* **WHAT TO PRODUCE**
In the material below, the required lines run from the one containing "2-cycle gasoline equipment." through the one containing "12月18日訊 維尼修斯當(dāng)選". Copy those lines exactly, ends included, and nothing else.
★ ★ ★ ★
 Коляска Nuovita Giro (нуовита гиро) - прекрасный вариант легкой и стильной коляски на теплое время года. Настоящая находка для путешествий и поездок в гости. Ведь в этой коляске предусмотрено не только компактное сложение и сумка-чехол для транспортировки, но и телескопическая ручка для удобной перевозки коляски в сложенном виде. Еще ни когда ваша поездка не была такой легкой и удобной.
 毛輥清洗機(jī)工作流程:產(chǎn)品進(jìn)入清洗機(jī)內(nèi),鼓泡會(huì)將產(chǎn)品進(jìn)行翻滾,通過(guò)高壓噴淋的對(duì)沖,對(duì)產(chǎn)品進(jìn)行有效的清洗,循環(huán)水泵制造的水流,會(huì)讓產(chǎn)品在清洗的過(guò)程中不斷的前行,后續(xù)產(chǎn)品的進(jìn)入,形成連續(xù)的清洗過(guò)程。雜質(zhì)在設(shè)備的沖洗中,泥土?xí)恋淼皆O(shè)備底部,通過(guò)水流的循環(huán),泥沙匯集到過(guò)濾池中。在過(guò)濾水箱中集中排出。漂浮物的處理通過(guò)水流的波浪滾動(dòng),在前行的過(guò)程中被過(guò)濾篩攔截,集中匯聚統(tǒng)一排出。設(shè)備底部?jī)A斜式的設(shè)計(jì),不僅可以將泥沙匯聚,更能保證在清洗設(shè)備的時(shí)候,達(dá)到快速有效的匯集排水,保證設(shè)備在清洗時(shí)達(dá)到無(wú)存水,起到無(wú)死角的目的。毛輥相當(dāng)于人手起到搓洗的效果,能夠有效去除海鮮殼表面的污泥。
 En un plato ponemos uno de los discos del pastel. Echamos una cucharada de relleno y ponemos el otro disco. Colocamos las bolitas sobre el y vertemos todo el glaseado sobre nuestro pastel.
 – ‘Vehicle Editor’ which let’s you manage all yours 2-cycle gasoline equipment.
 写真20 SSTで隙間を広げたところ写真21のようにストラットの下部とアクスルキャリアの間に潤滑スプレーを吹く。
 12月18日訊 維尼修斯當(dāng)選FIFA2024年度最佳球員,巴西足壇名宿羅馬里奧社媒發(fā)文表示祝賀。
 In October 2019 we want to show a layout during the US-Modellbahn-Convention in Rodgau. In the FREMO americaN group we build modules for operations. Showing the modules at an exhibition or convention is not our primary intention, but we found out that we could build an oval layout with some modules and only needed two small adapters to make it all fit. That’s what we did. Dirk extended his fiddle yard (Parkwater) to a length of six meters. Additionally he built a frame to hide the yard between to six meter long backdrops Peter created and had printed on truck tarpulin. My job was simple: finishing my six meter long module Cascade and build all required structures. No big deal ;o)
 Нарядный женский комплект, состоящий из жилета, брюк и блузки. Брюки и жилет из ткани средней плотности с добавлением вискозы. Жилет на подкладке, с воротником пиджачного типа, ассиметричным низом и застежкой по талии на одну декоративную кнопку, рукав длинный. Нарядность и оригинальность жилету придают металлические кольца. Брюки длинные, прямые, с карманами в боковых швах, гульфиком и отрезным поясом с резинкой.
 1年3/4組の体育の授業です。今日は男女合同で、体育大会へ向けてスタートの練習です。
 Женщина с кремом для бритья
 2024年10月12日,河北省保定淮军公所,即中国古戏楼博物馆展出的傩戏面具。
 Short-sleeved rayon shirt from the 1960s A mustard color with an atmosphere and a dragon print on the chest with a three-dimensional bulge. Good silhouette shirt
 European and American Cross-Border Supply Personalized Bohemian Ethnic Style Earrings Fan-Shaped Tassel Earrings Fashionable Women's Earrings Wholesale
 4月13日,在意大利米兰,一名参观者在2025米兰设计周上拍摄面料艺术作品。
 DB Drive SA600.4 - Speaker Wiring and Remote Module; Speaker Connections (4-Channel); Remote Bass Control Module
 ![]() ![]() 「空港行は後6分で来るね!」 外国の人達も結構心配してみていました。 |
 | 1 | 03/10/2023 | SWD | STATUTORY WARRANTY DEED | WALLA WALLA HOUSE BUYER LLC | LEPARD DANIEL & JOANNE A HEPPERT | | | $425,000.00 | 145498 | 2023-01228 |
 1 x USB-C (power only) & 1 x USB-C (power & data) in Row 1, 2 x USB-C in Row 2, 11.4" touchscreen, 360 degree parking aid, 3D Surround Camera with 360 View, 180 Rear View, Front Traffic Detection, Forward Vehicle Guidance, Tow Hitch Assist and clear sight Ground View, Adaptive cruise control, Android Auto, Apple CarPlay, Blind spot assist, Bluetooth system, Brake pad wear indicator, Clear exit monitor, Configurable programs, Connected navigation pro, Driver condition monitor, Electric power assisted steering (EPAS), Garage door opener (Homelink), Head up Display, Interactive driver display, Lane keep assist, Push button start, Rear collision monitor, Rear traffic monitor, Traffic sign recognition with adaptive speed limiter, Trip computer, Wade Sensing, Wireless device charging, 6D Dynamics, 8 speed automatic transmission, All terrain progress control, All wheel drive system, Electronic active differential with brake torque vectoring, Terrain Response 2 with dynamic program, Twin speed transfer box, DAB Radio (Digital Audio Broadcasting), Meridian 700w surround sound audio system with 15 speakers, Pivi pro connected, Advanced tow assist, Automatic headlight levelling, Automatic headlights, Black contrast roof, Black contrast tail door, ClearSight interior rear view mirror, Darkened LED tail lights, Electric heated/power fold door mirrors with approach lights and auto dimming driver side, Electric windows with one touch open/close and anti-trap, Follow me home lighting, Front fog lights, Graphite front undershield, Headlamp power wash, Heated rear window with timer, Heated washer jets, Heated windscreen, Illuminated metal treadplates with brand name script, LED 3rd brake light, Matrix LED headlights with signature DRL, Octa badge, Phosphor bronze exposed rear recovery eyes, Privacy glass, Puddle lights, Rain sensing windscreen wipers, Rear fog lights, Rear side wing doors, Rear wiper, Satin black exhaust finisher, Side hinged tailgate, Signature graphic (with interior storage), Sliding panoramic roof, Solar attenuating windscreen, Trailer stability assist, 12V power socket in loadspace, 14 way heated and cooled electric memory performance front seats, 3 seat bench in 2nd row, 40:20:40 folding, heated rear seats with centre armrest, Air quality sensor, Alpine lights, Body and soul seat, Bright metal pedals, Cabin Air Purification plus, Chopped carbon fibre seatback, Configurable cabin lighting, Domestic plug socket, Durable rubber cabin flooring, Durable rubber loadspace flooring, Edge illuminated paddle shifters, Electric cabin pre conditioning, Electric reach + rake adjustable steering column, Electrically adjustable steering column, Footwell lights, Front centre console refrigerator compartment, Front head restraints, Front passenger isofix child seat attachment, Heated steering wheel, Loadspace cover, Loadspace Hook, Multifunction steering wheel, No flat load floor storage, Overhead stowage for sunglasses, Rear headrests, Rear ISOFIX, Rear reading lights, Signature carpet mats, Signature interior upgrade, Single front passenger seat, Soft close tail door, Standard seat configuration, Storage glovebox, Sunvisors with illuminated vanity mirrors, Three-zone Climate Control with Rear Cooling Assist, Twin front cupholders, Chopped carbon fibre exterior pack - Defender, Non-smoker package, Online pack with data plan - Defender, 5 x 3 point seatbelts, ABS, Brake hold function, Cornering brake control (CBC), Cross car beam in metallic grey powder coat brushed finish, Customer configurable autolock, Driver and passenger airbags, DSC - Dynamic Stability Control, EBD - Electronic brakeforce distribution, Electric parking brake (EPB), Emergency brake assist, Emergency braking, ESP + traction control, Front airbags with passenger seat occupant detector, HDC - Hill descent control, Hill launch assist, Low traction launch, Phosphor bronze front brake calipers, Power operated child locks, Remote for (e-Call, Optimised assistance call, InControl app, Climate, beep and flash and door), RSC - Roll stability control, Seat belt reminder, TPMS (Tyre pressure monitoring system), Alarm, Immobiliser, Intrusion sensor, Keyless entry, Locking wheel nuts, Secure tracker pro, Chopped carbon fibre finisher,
★ ★ ★ ★
* **PROBLEM SOLUTION**
 – ‘Vehicle Editor’ which let’s you manage all yours 2-cycle gasoline equipment.
 写真20 SSTで隙間を広げたところ写真21のようにストラットの下部とアクスルキャリアの間に潤滑スプレーを吹く。
 12月18日訊 維尼修斯當(dāng)選FIFA2024年度最佳球員,巴西足壇名宿羅馬里奧社媒發(fā)文表示祝賀。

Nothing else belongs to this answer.